## Task brief
Only the lines from the one holding "Joules Mädchen Langarm-Kleid" through the end of the material are to be repeated, exactly and without pictures.

--- --- ---

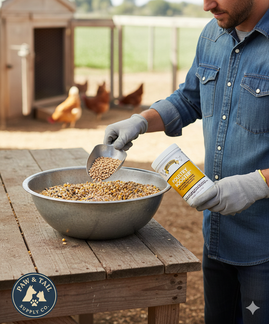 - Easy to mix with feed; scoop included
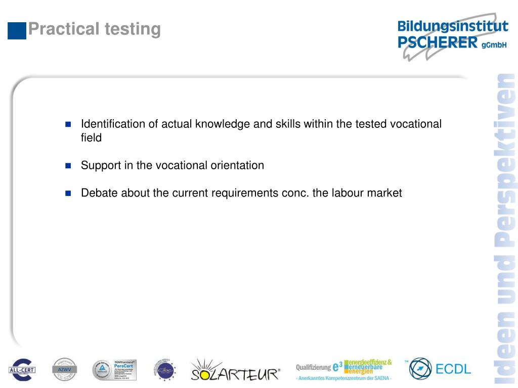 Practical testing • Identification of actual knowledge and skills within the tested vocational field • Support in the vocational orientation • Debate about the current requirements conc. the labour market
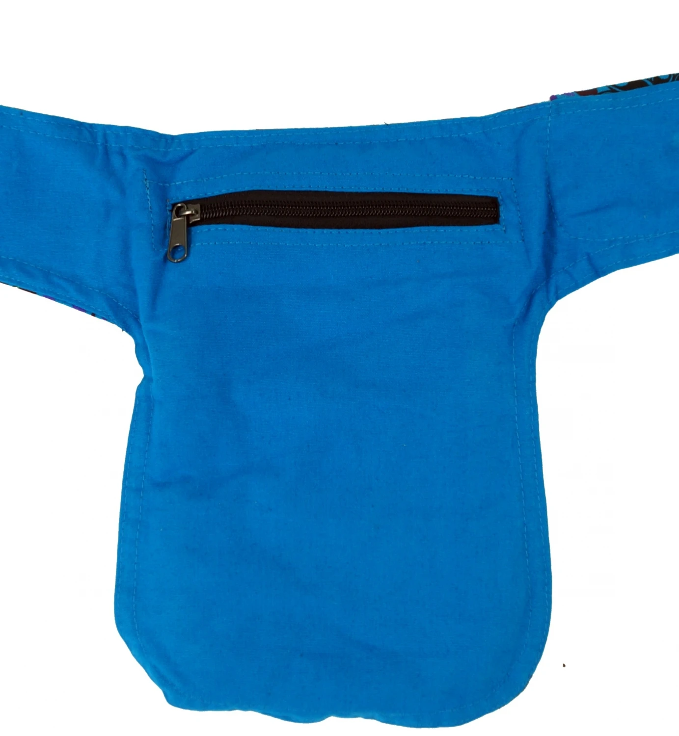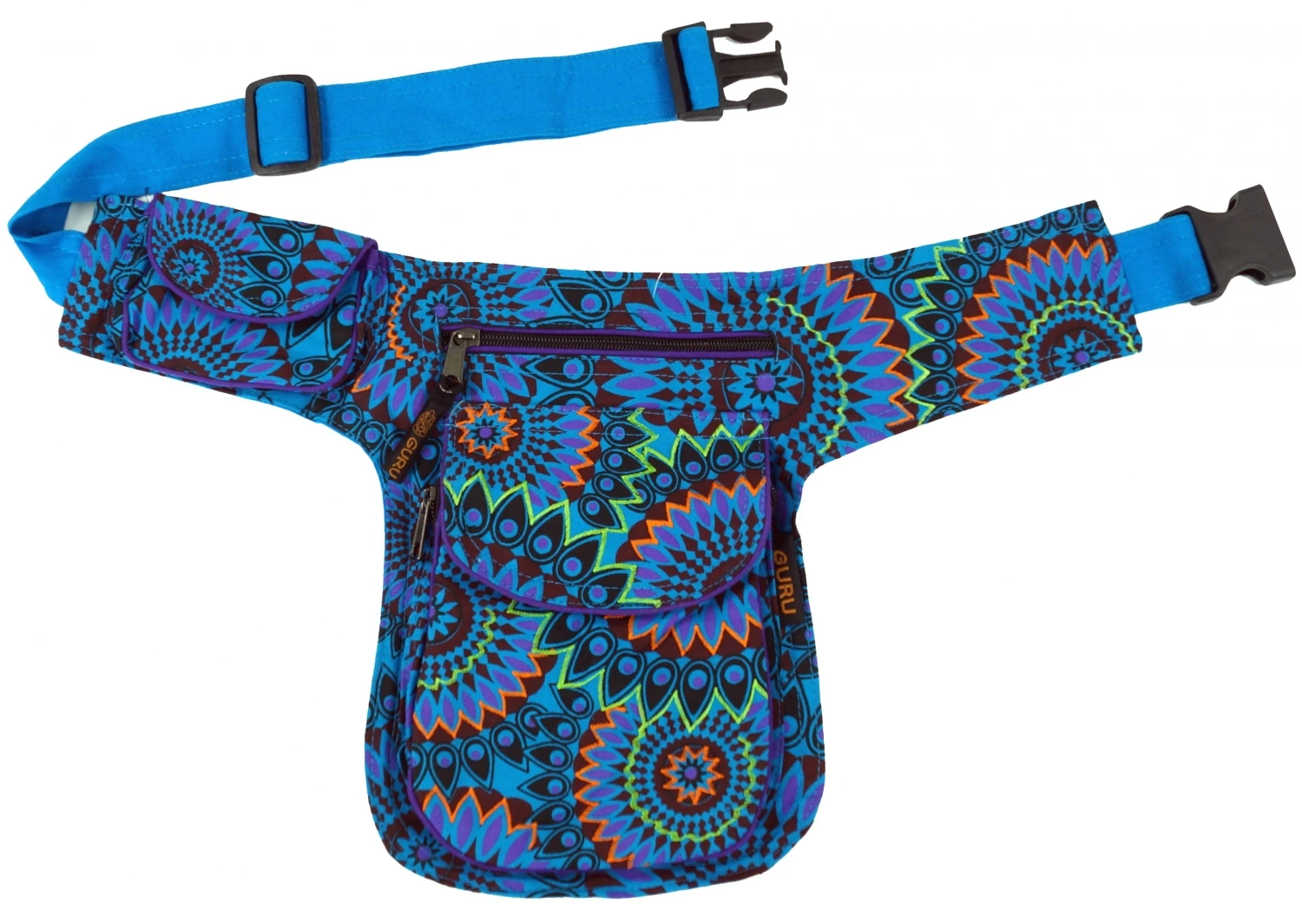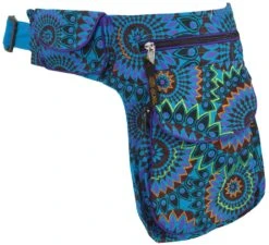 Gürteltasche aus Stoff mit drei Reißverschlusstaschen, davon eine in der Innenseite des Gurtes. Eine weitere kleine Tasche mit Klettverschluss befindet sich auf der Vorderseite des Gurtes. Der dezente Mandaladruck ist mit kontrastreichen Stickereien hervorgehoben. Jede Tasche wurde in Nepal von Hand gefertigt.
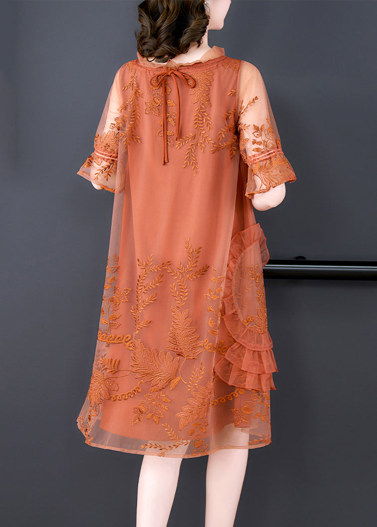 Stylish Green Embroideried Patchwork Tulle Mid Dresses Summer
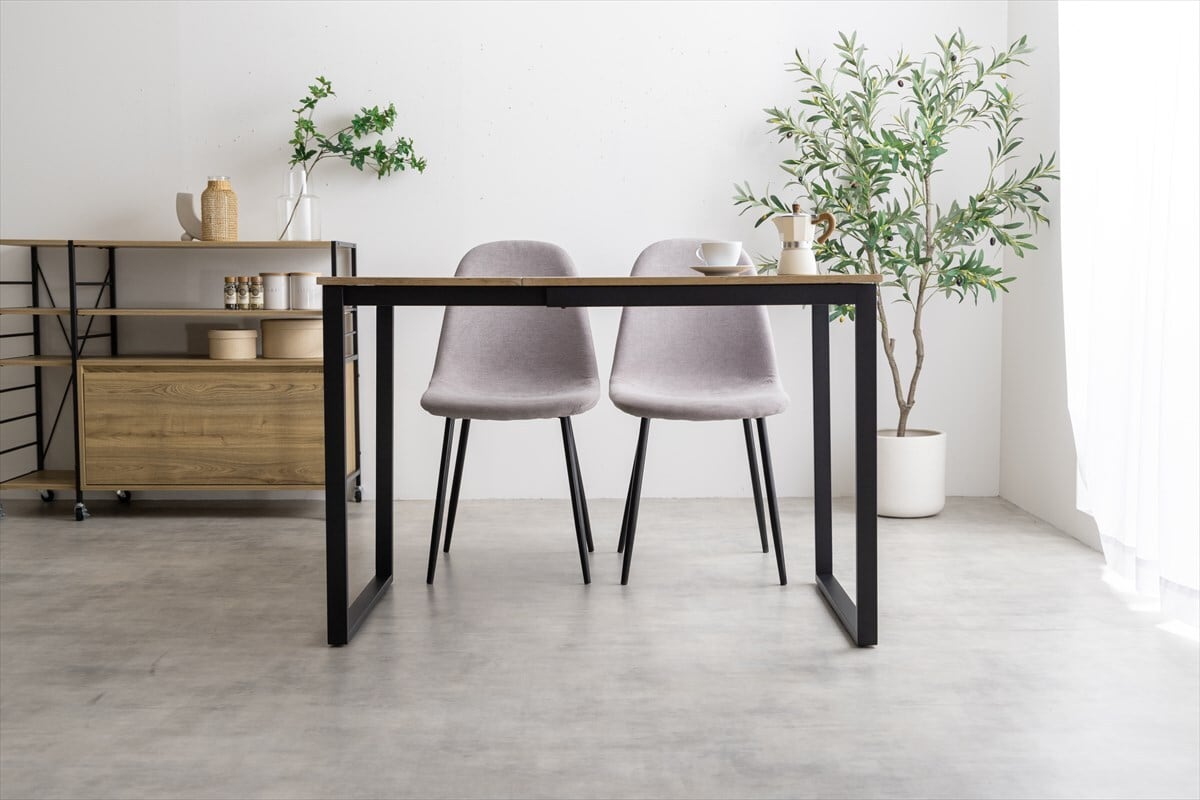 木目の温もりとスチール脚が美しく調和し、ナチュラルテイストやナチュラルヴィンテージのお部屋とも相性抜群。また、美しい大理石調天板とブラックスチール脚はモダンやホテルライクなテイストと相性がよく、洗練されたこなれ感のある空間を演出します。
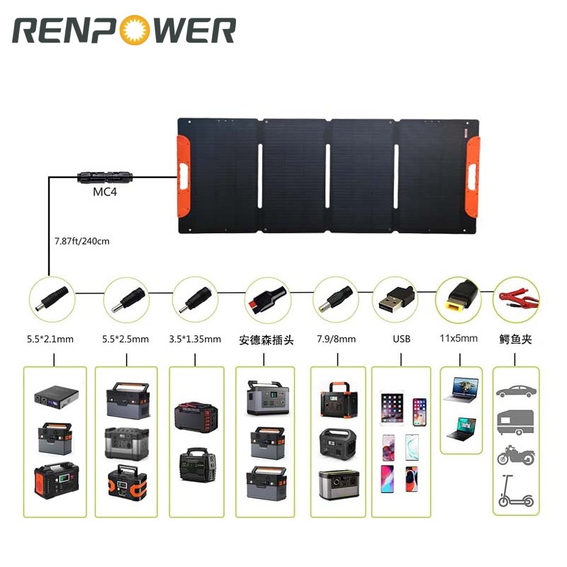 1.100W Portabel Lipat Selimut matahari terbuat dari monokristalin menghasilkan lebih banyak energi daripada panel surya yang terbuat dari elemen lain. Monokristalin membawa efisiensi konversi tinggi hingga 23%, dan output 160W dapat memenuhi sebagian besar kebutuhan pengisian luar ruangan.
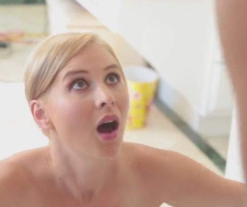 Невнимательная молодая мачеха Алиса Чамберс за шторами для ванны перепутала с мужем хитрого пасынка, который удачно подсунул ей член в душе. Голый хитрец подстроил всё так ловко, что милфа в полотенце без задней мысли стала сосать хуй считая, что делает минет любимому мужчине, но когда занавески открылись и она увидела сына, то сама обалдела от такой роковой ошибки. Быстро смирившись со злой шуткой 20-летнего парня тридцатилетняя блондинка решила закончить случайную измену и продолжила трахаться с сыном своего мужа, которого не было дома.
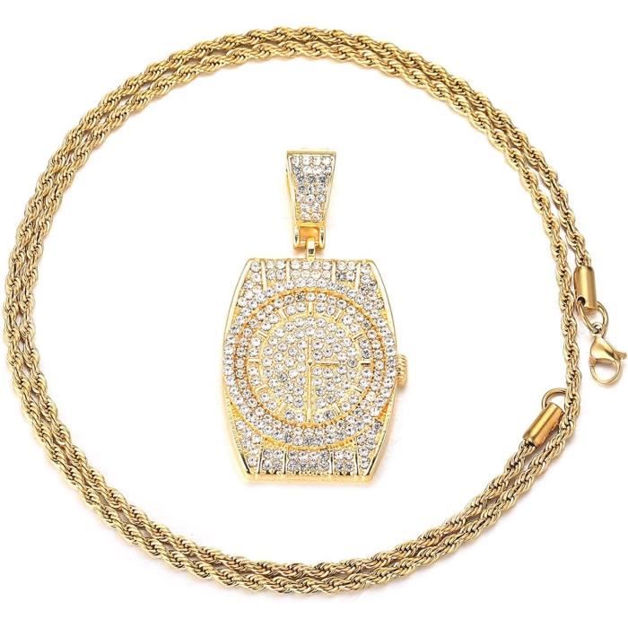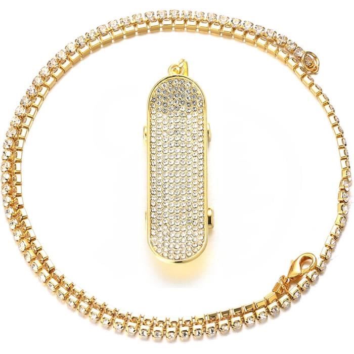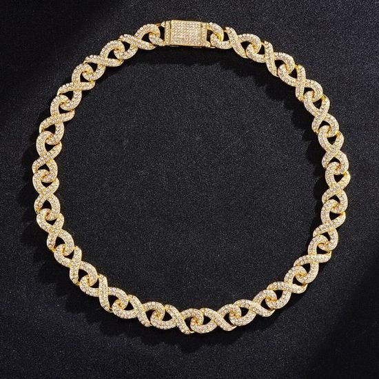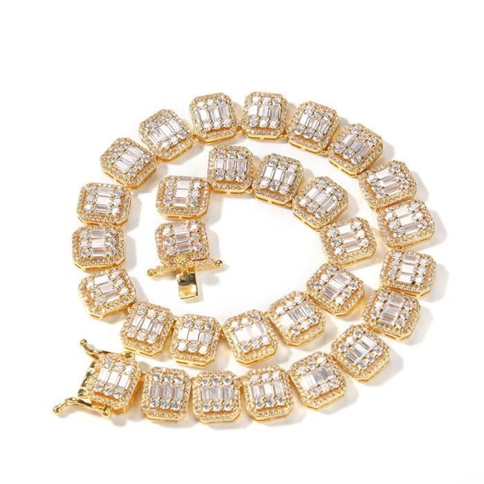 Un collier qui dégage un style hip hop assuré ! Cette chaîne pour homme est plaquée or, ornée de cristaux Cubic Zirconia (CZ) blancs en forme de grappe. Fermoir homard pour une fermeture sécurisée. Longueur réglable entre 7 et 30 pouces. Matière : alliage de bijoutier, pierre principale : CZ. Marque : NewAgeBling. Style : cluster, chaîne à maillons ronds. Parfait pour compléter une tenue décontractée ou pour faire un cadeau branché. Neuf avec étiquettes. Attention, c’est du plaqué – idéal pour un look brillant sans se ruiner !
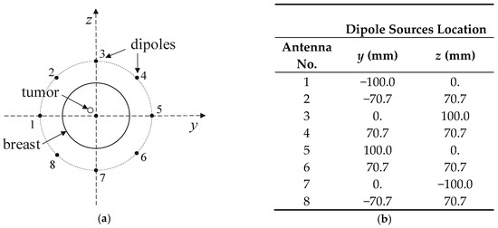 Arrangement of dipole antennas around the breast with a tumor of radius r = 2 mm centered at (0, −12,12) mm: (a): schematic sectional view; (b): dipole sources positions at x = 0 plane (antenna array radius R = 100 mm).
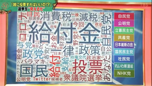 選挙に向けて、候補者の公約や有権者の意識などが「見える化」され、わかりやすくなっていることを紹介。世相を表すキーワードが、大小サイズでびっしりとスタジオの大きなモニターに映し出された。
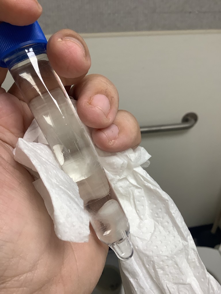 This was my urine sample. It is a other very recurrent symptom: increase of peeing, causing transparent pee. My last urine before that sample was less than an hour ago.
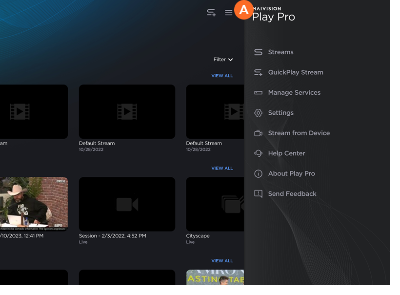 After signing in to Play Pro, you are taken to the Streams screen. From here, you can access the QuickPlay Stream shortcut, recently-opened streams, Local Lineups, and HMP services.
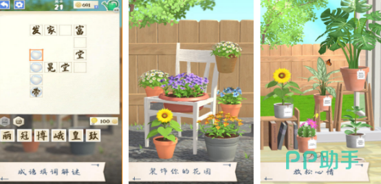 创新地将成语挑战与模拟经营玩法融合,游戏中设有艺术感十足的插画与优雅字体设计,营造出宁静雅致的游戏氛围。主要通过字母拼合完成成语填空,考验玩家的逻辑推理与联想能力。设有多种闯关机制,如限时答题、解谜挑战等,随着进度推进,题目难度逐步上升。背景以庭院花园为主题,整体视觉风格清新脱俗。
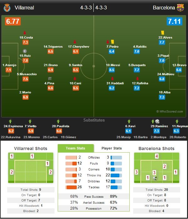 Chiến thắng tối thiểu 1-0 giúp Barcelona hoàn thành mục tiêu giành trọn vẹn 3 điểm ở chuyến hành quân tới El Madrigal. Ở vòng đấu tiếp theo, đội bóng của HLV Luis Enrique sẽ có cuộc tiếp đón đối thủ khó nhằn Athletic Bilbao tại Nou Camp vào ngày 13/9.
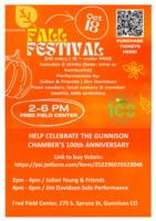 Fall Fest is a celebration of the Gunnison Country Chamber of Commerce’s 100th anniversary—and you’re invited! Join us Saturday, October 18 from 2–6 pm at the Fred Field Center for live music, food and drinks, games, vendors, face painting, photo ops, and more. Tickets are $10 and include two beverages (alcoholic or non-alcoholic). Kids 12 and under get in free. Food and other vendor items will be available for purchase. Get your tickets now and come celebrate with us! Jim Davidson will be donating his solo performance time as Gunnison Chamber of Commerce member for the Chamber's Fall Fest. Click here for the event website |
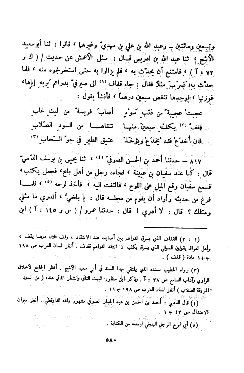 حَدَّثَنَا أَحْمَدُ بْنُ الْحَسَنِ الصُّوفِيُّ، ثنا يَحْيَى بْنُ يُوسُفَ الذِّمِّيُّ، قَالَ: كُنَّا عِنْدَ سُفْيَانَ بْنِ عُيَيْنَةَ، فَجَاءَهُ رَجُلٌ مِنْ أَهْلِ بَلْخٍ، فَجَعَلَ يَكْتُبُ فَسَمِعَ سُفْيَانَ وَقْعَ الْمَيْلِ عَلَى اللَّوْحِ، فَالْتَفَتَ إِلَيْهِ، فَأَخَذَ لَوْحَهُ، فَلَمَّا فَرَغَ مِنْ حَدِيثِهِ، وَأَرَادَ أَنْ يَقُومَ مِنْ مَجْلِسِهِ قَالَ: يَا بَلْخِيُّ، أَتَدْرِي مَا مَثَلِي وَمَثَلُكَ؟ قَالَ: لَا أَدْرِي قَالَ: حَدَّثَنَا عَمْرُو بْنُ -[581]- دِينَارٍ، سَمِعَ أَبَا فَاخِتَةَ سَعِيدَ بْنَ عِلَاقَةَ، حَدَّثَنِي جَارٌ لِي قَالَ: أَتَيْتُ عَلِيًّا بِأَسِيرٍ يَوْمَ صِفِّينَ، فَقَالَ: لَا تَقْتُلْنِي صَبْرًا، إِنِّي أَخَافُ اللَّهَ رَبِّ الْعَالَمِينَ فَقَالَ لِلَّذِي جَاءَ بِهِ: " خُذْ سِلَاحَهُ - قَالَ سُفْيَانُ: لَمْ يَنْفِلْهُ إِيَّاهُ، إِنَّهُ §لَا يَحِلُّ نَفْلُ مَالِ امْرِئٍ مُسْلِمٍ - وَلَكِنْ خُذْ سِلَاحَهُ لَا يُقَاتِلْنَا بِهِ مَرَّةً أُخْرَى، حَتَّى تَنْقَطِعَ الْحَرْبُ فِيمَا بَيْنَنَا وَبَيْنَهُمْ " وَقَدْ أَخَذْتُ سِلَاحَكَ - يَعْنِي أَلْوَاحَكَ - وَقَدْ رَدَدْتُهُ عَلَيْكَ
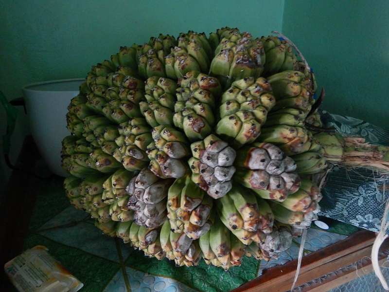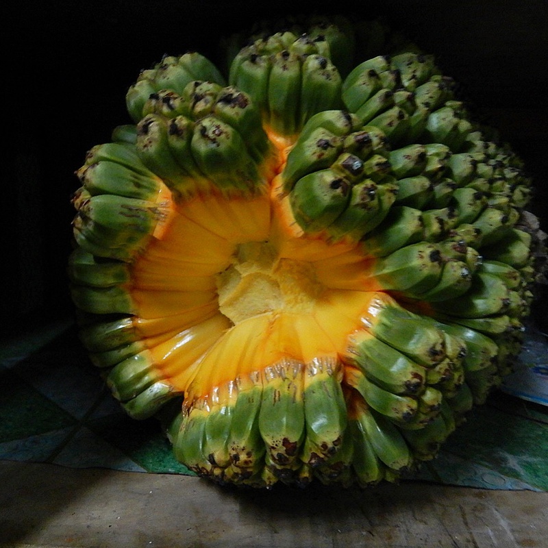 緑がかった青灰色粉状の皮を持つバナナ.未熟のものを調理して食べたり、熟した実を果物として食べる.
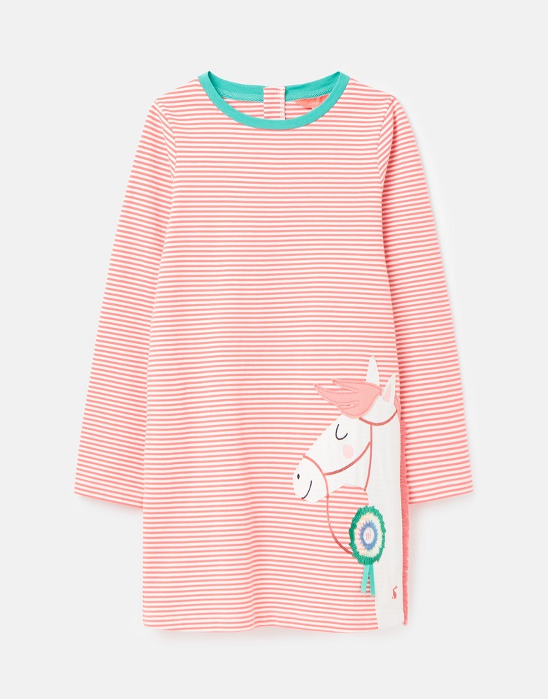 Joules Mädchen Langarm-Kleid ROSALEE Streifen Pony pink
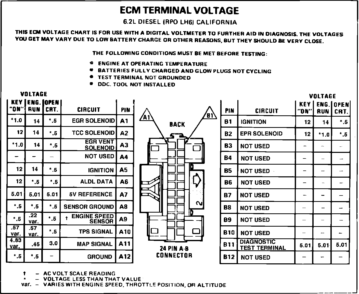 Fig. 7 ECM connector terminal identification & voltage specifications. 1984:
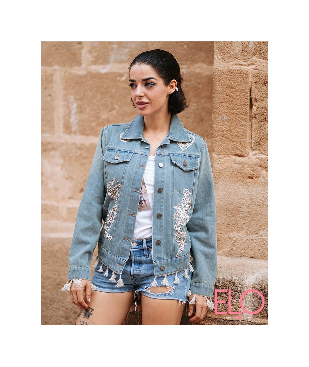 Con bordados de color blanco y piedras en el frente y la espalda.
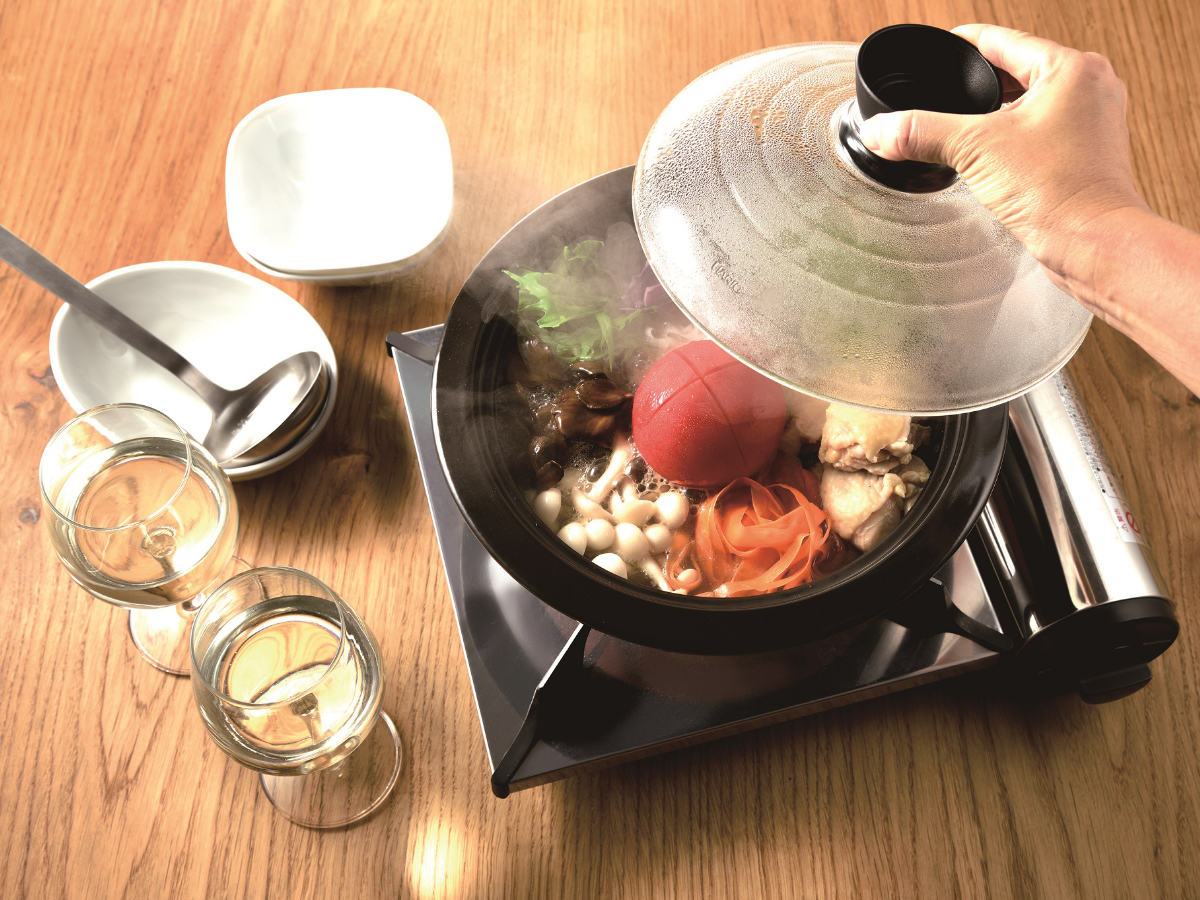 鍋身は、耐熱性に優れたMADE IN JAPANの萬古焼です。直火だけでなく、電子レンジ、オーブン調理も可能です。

--- --- ---

## The completed task
 Joules Mädchen Langarm-Kleid ROSALEE Streifen Pony pink
 Fig. 7 ECM connector terminal identification & voltage specifications. 1984:
 Con bordados de color blanco y piedras en el frente y la espalda.
 鍋身は、耐熱性に優れたMADE IN JAPANの萬古焼です。直火だけでなく、電子レンジ、オーブン調理も可能です。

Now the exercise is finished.